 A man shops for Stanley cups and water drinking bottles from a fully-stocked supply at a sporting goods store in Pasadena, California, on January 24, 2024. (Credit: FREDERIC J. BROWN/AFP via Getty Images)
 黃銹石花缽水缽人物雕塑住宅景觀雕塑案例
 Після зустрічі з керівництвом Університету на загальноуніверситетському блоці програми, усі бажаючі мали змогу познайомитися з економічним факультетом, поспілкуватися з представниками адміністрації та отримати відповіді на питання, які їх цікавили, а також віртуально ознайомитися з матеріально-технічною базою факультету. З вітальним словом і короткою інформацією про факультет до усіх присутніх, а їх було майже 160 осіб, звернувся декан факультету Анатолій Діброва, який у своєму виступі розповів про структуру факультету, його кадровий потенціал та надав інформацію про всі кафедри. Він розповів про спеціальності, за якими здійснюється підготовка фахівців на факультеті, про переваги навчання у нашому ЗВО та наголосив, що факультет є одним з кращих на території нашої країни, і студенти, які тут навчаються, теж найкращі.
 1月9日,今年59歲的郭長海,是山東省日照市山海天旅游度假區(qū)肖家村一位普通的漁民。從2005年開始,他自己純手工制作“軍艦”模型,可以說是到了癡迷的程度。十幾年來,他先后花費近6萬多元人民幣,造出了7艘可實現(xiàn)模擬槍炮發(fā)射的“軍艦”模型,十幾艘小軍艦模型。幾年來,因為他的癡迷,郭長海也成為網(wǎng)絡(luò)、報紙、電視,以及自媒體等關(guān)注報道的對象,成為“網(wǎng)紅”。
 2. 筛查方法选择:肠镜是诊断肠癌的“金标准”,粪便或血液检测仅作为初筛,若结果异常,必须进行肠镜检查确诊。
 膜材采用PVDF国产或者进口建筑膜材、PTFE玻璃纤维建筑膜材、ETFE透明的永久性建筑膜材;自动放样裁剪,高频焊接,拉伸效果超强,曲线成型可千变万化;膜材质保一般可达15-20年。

--- --- ---

*ASSIGNED TASK*:
Exact lines only, please: output the listing from the first line to the line with "黃銹石花缽水缽人物雕塑住宅景觀雕塑案例", both included.

*EXERCISE OUTPUT*:
 A man shops for Stanley cups and water drinking bottles from a fully-stocked supply at a sporting goods store in Pasadena, California, on January 24, 2024. (Credit: FREDERIC J. BROWN/AFP via Getty Images)
 黃銹石花缽水缽人物雕塑住宅景觀雕塑案例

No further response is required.